Beatko masz rację.

Olej zmienia właściwości pigmentu, załamuje pod odpowiednim kątem światło, stąd każde spoiwo inaczej działa na pigment i innych efektów należy się spodziewać. Jak to działa w praktyce niech spróbuje każdy zmieszać olej lniany z z dowolną ochrą, a potem ten sam pigment z żółtkiem jaja. Żółcienie spinelowe wyglądają w jaju jak żółcień dawnych mistrzów, a w oleju jak musztarda. Czerwień żelazowa z temperze świeci prawie jak cynober, w oleju zmienia się prawie w brąz.
Farby dobre to takie które jak wspomniała Beata, mogą mieć gęstą konsystencję, wysokie wypigmentowanie. Farba nie "ucina się" jak to ma miejsce wtedy kiedy dodamy np siarczanu baru, kredy czy talku. Takie dodatki ułatwiają tworzenie impastów, nieoddzielanie oleju od pigmentu. W dawnych wiekach żeby farba "stała" na impast, trzeba było dodać wypełniacz o większych i bardziej "poszarpanych" cząsteczkach. Normalnie utarta farba nadawała się raczej tylko do malowania cienkich warstw. Obecnymi farbami można malować impastowo, natomiast do cienkiego, laserunkowego trzeba je rozrzedzać. Mowa o tych gorszej jakości farbach.
To o czym pisze Zephyr to normalne zjawisko przenikania tłustego oleju wgłąb gruntu albo warstw dolnych. Trudno temu zapobiec, olej nawet po kilku dniach potrafi zejść niżej i zmatowić powierzchnię obrazu. Profesjonalni malarze załatwiają sprawę warstwą czystego oleju wcieranego po kilku dniach w matowe miejsca. Ważne jest wtedy dokładne pokrycie powierzchni jak najcieńszą warstewką oleju, jak przy olifie. Nadmiar oleju zawsze trzeba ściągnąć.

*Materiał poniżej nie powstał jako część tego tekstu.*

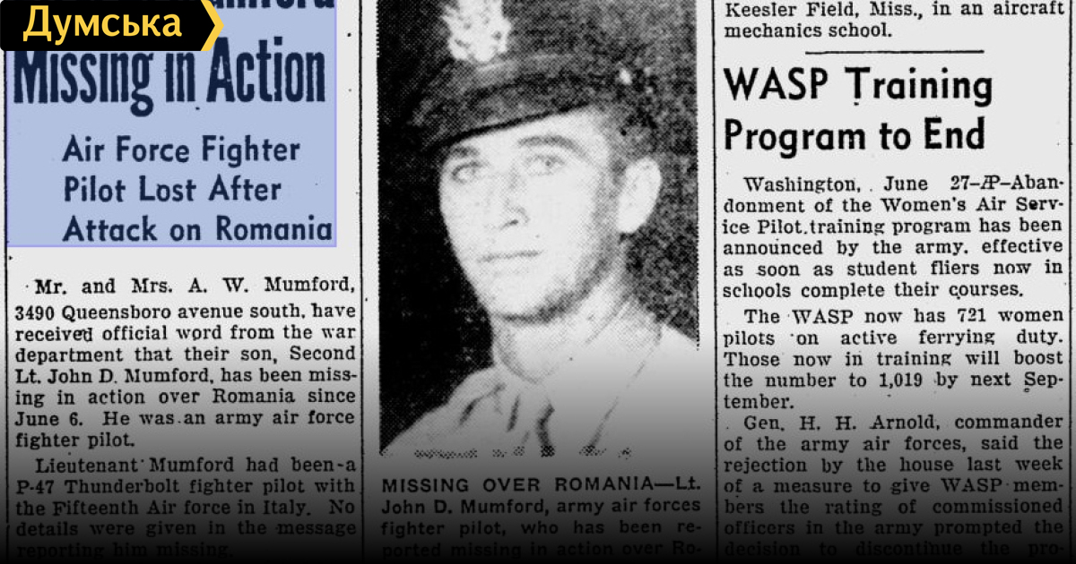 Сегодня в киевском парке Вечной славы прошла церемония чествования американского летчика-истребителя, который был сбит 6 июня 1944 года над территорией нынешнего Болградского района Одесской области. Останки пилота переданы представителям посольства Соединенных Штатов. Поисковые работы на территории Одесской области координировали офицеры отдела военно-гражданского сотрудничества оперативного командования «Південь» Владислав Назаров и Александр Громаков. Они организовали совместные действия военнослужащих ВСУ, районных и местных властей, представителей Агентства по поиску пленных и пропавших без вести Минобороны США, ученых Национального военно-исторического музея Украины и владельцев поля, на котором находился сбитый самолет. ![]() Сообщение об исчезновении американского летчика Джона Мамфорда в американской газете, июнь 1944 года Поисковым работам предшествовала тщательная подготовка: была сделана геодезическая съемка и установлены точные координаты места падения, сотрудники военно-исторического музея и украинские офицеры прошли специальный курс по поиску и эксгумации тел погибших на базе ВМС США. После завершения работ поле было рекультивировано, а его владельцам компенсированы все неудобства. Даже сейчас, спустя 70 лет после окончания той войны, американцы очень серьезно относятся к поиску своих пропавших военных. Этим занимаются и волонтеры, и правительственные агентства. Достаточно сказать, что на поиски летчика в Болградский район прибыли четыре официальных представителя США. Как рассказал корреспонденту «Думской» Владислав Назаров, жители области с пониманием отнеслись к миссии и оказали поисковикам всяческое содействие. В результате поисковых работ на глубине 3-3,5 метра были обнаружены фрагменты истребителя «Мустанг» и части тела летчика. К сожалению, именной жетон пилота найти не удалось, но уже сегодня можно с уверенностью говорить о том, что в кабине «Мустанга» находился 23-летний младший лейтенант Джон Мамфорд. Истребитель Мамфорда был сбит 6 июня 1944 года, когда он сопровождал группу американских бомбардировщиков, вылетевших с аэродрома Пирятин (Полтавская область) на бомбардировку румынского порта и аэродрома Галац. Истребители выполнили свою задачу — все «летающие крепости» вернулись без потерь. Прикрытию повезло меньше: его атаковали румынские самолеты. В завязавшейся «собачьей свалке» американцы сбили шесть королевских машин и потеряли два «Мустанга». До недавнего времени считалось, что Мамфорда сбили над Черным морем, однако пожилые жители Новых Троян утверждают, что видели этот воздушный бой своими глазами. Отметим, что село находится на прямой линии от Галаца к Полтаве и в 70 километрах от морского побережья. Последний этап поиска — экспертиза, которая должна окончательно установить личность погибшего. Ее проведут в США, после чего тело пилота будет предано земле (скорее всего, на Арлингтонском национальном кладбище). «Мустанг» Р-51 Мамфорда стал первым американским истребителем этого типа, который сбили румынские летчики. Победу записал на свой счет лучший ас королевства Константин Кантакузино, который пилотировал «Мессершмит» Bf-109G. Всего за время Второй мировой капитан Кантакузино совершил 608 боевых вылетов, сбил 45 советских, американских и немецких самолетов. Еще 11 воздушны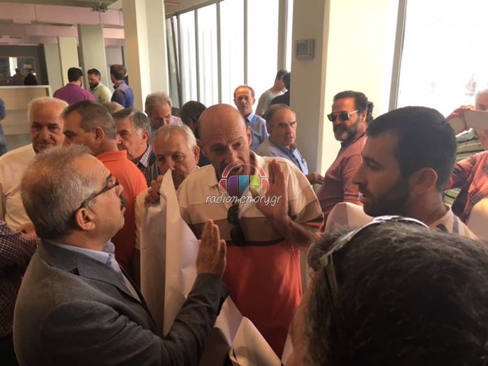 Ορισμένοι κατάφεραν να ξεφύγουν απο την αστυνομία και  μπήκαν μέσα στην άιθουσα  στην οποία συνέχισαν να φωνάζουν κατά του Υπουργού και όταν αυτός εμφανίστηκε  συνομίλησαν μαζί του σε έντονο ύφος ενώ ένας απο αυτούς άδειασε  στην έδρα  του υπουργού  πράσινες ελιές  σε μία συμβολική κίνηση για την κατάσταση στην οποία έχει φθάσει η αγροτιά .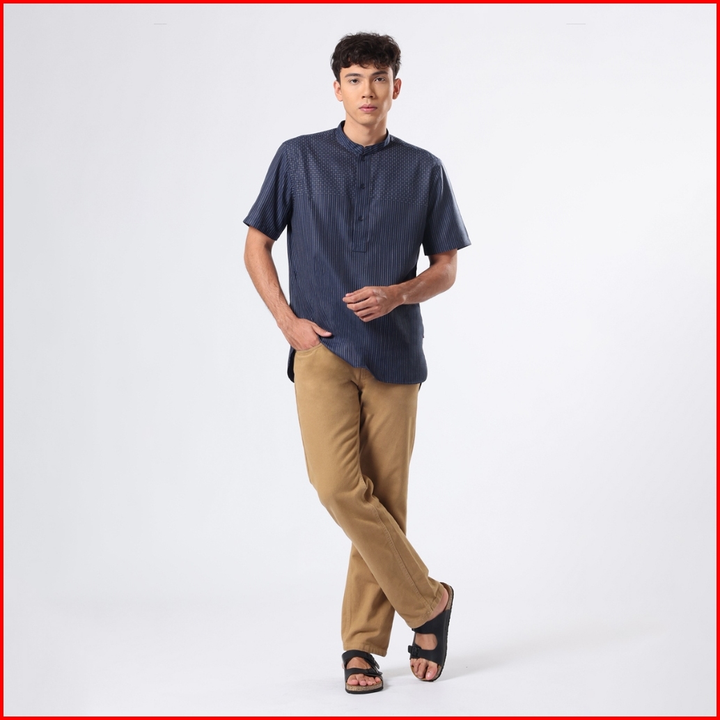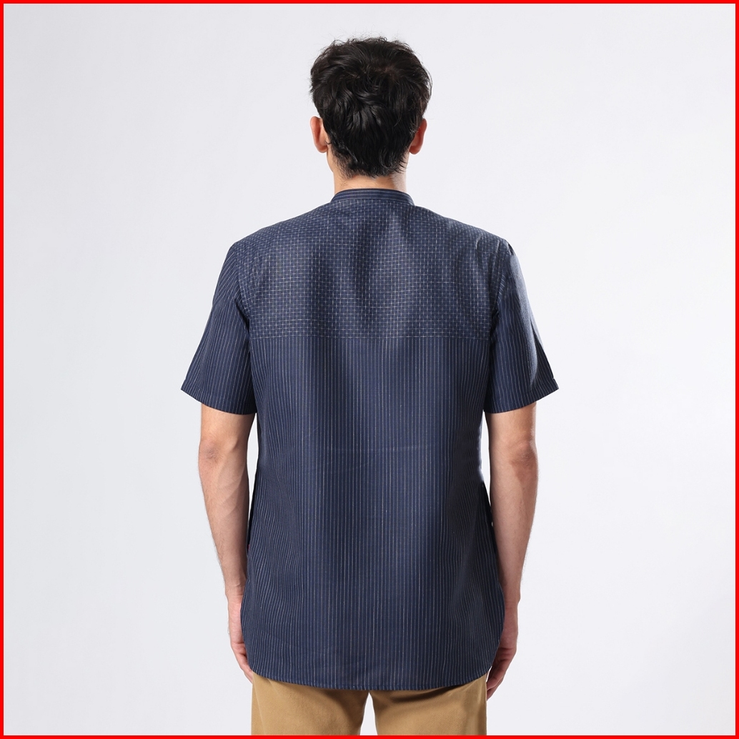 Edwin Jeans - Kemeja Koko Pria Lengan Pendek Husein Dark Navy Baju Muslim Pria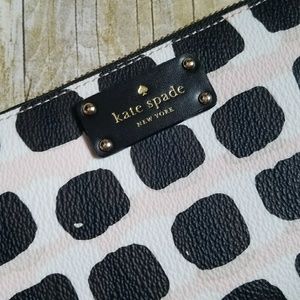 NWT Beautiful black, white, and pink lines and boxes Kate Spade full size wallet. Zip closure all around, six credit card slots on each side, and middle coin holder with zip closure. Black lining.

Jagodo, uważasz, że Astry to drogie farby, dlaczego? W porównaniu z farbami artystycznymi (Artists) tanio wypadają.
Zephyr nie rozumiem po co na siłę korzystać z rozpuszczalników?
Mydło jest znane od wieków. Terpentyną Rubens podobno mył pędzle, a w oleju farba też ładnie schodzi z pędzla.
Szukamy rozpuszczalników do mycia pędzli czy do malowania? Jeśli do malowania to raczej jest to sprawa skomplikowana. Z konserwatorskiego punktu widzenia, rozpuszczalniki niszczą "naturalną" budowę farby olejnej.
Chciałbym wiedzieć czy to prawda, że kredowe, mocno zasadowe grunty w przeszłości zapobiegały ciemnieniu oleju poprzez neutralizację kwasów tłuszczowych. Zjawisko można zaobserwować na podstawie bieli ołowiowej, która żółknie bardzo w oleju lnianym. Jeśli dodamy kredy przy ucieraniu żółknięcie jest eliminowane bądź zminimalizowane. W przeszłości dodawano kredy do farb, ale być może chodził o coś więcej niż o tani wypełniacz kredowy?
Grunt chłonny ,o którym mówi Zephyr pije olej i ciągle mu mało.

Potem w badaniach nad zaprawą wychodzi że jest w niej olej i tworzy się mit o tłustym gessie. Jak działał Eyck? Wg. mnie na chudy grunt przetransferował szkic, podmalował temperą i pokrył to wszystko szczodrze olejem. Wystawił dechę na słońce i po długim czasie, zabezpieczone podłoże, niepożółkłe, nadawało się do dalszego opracowywania.
LIqiun przyspiesza schnięcie, pozwala złamać zasadę tłuste na chude, ale żółknie. Biele i żółcienie na oleju z krokosza barwierskiego załatwiają sprawę jeśli komuś bardzo przeszkadza żółknięcie.
Jeśli obraz odpoczywa do światła słonecznego zaraz po malowaniu to nie ma się czego bać. Ja zawsze kładę w stronę okna, ewentualnie krótka sesja na słońcu. Chyba słodkie mam farby bo muchy uwielbiają lądować na mokrym obrazie.